Appeal to Mystery

Description:

The argument proposes, in place of an explanation, the assertion that there can be no explanation, i.e. that the fact to be explained is unexplainable.

 

Comments:

Some common words used to express this fallacy are "mysterious," "inscrutable," "ineffable," etc. Sometimes the fallacy involves invoking what I call "the romance of the unknowable," using sentiments such as, "What a dull world it would be if everything were known!"

 

Examples:

"We cannot know why God allows the good to suffer on this earth. Who can fathom the ways of the creator?"

 

"What caused 500 hats to appear on Bartholomew Cubbins' head? It was just something that happened to happen, and isn't very likely to happen again." - with apologies to Dr. Seuss

 

Discussion:

Few philosophers claim to know anything with certainty. The more one inquires into any subject, the more one is inclined to accept the wisdom of Socrates: I know only that I do not know. There is good reason, then, that the language of doubt and uncertainty strikes us as wise and reasonable. The fallacy of Appeal to Mystery is often persuasive because it mimics epistemological modesty.

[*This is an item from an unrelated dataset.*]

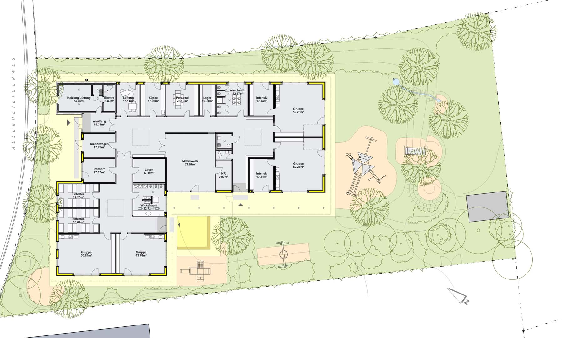 Ersatzneubau Kindertagesstätte mit 2‑gruppigem Kindergarten und 2‑gruppiger Kinderkrippe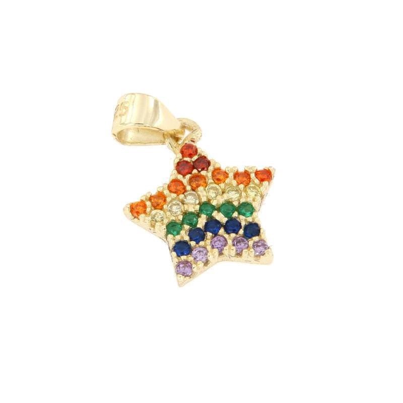 Ciondolo in argento dorato Stella con pietre colorate rainbow

However, there is a difference. A good hypothesis is understood to be provisional. We understand that errors are possible. When any scientist offers any real hypothesis to explain some phenomenon, he would be wise to add, "Of course, I might be wrong," but no such apology is really necessary. We already know he might be wrong. But he might also be right. If he is wrong, we hope his theory will eventually be replaced by a better theory. Real epistemological modesty is an invitation to further inquiry. It is an admission that a better theory may be possible. The Appeal to Mystery, by contrast, is used, not to invite further inquiry, but to shut down further inquiry by claiming that truth (in this matter) is unattainable. No better theory is possible because no theory could possibly be adequate. It says, "This might be wrong," not in order to replace one theory with a better theory, but in order to replace one theory with no theory at all.

Appeal to Mystery is one form of what is often called an "untestable hypothesis." There are various ways in which a hypothesis might be untestable. Some hypotheses are untestable for merely practical reasons, often involving technological limits or budgetary constraints. (For example, the hypothesis that mass is caused by the Higgs Boson was untestable when the theory was first proposed because a particle accelerator large enough to test the hypothesis had not yet been built.) Appeal to Mystery is untestable for a more fundamental reason. It offers as an explanation something that is mysterious, i.e. untestable by definition.